It is also true that resistance to inter-cultural media penetration can at times be
expensive. For a nation that is committed to television, a decision to reduce
dependence on cheap programme imports may well require a much heavier
outlay on expensive home productions which, because of poor facilities or
inexperience, may seem to lack some of the polished gloss of western soap opera.
But the decision to restrict television time, or even do without television, is still
available, even if politically difficult. Resources for indigenous media
development may be affected by the availability of international advertising.
Even where there is no direct restriction on such advertising, however, its
availability can be reduced indirectly by policies such as import restriction or
nationalization.
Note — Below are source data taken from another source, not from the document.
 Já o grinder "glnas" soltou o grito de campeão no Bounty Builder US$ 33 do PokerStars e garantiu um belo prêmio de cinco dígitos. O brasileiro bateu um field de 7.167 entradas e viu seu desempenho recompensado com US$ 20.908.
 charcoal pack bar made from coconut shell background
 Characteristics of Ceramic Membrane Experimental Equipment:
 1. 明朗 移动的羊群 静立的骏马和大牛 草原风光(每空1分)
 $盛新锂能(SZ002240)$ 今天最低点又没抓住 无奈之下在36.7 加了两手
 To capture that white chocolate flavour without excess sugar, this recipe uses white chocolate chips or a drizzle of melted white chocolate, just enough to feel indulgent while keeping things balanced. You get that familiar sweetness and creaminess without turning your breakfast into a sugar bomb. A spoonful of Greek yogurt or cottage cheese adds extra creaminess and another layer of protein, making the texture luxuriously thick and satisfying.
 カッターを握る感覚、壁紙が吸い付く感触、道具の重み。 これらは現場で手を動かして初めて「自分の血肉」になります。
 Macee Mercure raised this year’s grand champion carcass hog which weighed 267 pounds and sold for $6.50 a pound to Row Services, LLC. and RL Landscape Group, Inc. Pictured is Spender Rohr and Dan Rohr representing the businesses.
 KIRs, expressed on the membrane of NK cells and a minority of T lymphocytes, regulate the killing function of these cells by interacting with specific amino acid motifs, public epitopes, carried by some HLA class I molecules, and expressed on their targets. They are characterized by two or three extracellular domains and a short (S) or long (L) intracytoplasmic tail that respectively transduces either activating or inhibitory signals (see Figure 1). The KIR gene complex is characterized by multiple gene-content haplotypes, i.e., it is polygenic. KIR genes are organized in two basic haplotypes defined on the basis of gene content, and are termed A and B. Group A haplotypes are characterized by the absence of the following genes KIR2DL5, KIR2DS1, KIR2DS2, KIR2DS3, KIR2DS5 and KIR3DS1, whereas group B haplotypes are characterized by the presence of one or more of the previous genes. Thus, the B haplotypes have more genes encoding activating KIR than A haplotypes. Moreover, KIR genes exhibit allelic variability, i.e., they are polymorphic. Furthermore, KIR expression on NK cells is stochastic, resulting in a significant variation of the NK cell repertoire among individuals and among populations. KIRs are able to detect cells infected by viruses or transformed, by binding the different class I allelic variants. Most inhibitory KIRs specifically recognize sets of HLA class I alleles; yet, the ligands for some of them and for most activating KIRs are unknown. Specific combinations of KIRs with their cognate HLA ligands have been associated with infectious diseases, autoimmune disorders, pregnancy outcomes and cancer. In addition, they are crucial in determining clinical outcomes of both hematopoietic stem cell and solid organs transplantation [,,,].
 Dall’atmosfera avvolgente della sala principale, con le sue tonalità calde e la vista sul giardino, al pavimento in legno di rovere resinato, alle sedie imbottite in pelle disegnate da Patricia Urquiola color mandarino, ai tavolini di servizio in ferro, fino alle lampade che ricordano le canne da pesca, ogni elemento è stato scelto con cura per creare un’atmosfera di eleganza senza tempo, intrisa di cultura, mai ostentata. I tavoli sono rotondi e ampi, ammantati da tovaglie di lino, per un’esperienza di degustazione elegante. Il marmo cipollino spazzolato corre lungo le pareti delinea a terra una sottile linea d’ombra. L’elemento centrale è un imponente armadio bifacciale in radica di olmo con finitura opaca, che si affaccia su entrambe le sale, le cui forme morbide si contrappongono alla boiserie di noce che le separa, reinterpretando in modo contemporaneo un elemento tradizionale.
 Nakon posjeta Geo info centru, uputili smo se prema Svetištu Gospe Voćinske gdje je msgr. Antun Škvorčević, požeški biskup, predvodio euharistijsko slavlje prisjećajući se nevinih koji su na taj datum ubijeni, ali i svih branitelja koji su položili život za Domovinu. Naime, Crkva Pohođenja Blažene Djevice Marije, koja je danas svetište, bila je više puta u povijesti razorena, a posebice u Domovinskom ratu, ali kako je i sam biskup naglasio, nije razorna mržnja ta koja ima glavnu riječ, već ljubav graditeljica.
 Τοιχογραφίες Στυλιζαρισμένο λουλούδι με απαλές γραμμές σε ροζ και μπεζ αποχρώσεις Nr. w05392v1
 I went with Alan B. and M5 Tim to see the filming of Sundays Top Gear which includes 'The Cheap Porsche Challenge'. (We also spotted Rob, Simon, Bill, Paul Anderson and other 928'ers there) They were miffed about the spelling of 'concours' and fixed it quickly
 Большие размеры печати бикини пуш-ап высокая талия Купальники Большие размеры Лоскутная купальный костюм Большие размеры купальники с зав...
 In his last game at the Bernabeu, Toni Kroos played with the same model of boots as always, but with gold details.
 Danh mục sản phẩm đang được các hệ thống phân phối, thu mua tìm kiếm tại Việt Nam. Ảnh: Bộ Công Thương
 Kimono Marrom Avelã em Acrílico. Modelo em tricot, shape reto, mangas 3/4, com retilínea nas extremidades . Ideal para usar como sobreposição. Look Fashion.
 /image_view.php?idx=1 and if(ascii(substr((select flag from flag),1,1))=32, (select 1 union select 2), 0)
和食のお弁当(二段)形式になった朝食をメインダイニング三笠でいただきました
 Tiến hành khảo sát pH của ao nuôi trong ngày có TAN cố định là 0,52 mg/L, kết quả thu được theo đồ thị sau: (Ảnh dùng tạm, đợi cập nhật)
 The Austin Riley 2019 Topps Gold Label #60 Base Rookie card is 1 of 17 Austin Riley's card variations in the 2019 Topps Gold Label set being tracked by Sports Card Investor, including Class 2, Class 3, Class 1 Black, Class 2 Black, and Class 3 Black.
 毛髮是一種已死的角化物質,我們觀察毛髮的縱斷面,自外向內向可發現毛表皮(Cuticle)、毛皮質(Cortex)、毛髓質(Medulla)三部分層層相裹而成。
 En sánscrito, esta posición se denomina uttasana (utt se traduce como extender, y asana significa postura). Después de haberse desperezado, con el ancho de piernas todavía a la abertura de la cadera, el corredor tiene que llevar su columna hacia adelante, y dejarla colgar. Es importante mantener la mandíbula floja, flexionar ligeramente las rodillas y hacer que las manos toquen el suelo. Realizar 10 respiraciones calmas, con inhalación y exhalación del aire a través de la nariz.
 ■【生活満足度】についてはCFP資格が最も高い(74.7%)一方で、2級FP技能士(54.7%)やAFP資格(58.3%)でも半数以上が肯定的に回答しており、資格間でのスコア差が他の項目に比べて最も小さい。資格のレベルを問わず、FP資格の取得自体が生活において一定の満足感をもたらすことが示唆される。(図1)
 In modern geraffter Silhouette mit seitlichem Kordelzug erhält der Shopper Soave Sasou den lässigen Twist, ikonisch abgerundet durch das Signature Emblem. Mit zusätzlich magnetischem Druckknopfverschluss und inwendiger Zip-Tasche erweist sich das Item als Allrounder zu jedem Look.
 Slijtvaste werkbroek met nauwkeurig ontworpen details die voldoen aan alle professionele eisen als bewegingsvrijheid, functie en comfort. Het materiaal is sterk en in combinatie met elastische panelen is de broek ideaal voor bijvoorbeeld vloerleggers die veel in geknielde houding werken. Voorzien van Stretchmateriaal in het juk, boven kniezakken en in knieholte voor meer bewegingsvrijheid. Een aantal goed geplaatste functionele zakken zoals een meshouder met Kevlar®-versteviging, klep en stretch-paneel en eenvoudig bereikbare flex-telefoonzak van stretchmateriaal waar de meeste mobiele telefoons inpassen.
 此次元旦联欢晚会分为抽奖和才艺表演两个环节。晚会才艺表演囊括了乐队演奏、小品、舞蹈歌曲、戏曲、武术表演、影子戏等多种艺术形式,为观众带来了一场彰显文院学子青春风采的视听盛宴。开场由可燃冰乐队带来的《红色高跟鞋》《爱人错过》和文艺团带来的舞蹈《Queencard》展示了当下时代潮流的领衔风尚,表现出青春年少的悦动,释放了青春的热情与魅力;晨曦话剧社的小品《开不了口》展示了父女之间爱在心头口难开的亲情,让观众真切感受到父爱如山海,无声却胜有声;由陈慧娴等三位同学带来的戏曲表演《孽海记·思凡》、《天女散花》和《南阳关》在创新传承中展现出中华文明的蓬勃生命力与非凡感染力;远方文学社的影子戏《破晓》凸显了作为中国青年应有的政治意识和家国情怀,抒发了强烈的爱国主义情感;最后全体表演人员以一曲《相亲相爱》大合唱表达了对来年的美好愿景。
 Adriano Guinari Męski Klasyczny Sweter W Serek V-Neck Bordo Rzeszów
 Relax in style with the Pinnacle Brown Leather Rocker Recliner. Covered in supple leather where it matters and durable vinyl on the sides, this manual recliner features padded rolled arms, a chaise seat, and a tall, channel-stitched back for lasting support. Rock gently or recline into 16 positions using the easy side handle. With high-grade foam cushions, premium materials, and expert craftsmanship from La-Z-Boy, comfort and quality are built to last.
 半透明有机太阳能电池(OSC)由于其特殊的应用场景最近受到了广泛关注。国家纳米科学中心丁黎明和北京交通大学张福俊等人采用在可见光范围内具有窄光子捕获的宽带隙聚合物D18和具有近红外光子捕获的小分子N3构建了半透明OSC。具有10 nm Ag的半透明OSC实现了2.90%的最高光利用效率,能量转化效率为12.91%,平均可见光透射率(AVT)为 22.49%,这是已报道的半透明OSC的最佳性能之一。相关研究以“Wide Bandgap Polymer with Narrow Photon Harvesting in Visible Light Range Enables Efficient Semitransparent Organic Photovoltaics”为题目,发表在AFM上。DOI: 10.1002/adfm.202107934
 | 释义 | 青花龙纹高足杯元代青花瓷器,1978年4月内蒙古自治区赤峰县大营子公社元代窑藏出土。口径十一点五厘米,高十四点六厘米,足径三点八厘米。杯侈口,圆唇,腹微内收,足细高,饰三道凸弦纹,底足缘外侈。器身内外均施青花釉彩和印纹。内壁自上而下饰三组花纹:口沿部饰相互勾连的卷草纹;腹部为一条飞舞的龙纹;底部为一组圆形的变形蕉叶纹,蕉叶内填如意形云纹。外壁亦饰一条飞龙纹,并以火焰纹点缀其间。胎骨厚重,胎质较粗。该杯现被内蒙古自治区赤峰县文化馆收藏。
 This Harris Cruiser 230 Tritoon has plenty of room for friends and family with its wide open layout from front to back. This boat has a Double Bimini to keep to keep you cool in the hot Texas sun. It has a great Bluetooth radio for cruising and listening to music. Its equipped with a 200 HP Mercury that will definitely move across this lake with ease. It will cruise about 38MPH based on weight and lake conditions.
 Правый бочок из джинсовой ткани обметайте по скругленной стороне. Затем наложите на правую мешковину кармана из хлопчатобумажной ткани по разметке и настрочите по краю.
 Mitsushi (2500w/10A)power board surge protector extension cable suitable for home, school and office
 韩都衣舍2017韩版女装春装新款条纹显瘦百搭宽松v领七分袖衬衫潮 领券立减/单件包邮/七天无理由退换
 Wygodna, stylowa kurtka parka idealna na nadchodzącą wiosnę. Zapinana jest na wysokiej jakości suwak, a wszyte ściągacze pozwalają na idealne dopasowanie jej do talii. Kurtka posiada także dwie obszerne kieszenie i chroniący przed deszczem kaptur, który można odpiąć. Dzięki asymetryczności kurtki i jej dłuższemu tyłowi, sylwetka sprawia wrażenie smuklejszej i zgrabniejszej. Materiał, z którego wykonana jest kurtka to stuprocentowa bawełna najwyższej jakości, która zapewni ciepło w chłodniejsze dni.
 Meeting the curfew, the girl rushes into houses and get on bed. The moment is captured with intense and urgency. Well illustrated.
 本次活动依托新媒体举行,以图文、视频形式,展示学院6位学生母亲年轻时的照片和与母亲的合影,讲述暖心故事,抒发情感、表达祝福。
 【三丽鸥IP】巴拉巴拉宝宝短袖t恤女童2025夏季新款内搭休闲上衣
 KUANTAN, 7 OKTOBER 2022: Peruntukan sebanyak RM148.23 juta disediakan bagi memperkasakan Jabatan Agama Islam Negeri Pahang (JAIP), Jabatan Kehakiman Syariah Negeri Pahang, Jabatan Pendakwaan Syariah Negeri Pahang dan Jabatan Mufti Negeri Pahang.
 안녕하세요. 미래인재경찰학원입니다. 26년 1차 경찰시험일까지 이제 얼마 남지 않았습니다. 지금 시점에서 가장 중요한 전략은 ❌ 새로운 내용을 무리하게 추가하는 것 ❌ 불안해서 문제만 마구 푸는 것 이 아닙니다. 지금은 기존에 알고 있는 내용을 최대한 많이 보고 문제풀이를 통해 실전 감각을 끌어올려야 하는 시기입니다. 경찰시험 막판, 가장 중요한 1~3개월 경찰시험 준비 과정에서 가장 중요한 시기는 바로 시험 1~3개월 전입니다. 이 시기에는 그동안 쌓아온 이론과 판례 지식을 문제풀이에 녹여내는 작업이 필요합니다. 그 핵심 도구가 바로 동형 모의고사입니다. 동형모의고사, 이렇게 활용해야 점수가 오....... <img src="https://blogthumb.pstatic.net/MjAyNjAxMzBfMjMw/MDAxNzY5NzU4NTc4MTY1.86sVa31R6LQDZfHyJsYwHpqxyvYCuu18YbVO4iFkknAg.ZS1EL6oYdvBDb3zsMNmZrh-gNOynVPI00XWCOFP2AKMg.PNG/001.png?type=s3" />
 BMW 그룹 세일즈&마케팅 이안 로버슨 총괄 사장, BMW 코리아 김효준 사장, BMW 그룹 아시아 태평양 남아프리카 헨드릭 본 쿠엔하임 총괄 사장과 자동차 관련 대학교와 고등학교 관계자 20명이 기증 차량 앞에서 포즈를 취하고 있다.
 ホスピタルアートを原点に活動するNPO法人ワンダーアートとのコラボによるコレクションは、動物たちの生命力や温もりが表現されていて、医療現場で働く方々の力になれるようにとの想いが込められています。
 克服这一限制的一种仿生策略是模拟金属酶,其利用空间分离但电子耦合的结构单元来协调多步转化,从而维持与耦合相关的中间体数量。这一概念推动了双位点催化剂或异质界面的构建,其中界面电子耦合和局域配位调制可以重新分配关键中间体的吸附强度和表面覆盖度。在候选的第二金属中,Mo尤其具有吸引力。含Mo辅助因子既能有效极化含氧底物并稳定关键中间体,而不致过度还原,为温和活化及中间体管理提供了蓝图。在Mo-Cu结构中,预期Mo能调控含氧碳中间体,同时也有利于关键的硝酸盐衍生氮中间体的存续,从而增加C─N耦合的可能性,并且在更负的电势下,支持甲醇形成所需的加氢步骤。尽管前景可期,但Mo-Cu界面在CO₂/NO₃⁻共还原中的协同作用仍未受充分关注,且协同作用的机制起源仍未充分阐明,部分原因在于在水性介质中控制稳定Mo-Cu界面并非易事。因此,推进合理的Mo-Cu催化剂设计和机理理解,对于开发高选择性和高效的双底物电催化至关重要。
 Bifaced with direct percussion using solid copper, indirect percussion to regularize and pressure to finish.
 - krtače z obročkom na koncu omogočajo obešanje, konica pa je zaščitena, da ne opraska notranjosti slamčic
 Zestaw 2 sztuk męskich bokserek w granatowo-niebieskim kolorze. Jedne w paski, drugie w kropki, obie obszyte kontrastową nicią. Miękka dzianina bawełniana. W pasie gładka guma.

In Guyana, for instance, where such policies were adopted in the
1970s, the proportion of total media advertising accounted for by non-local
advertisers declined from 70 per cent to 10 per cent in the period 1964–76, and
this was responsible in part for a deterioration of programme standards, a
reduction in newspaper titles and cancellation of plans for expansion of regional
broadcast stations (Sanders, 1978).
There can be no adequate evaluation of inter-cultural media penetration which
does not take into full account the variability of mass media policies adopted by
individual governments. The infrastructure of global communication may be
very much the development of, and in the control of, the super-powers. But it
does not necessarily determine what happens within particular nations. Nor is it
free of internal strains: many western multinational corporations are in
competition with one another; there are political and economic conflicts between
the more affluent nations; and smaller nations have found ways and means of
bringing collective pressure to bear on the more powerful nations.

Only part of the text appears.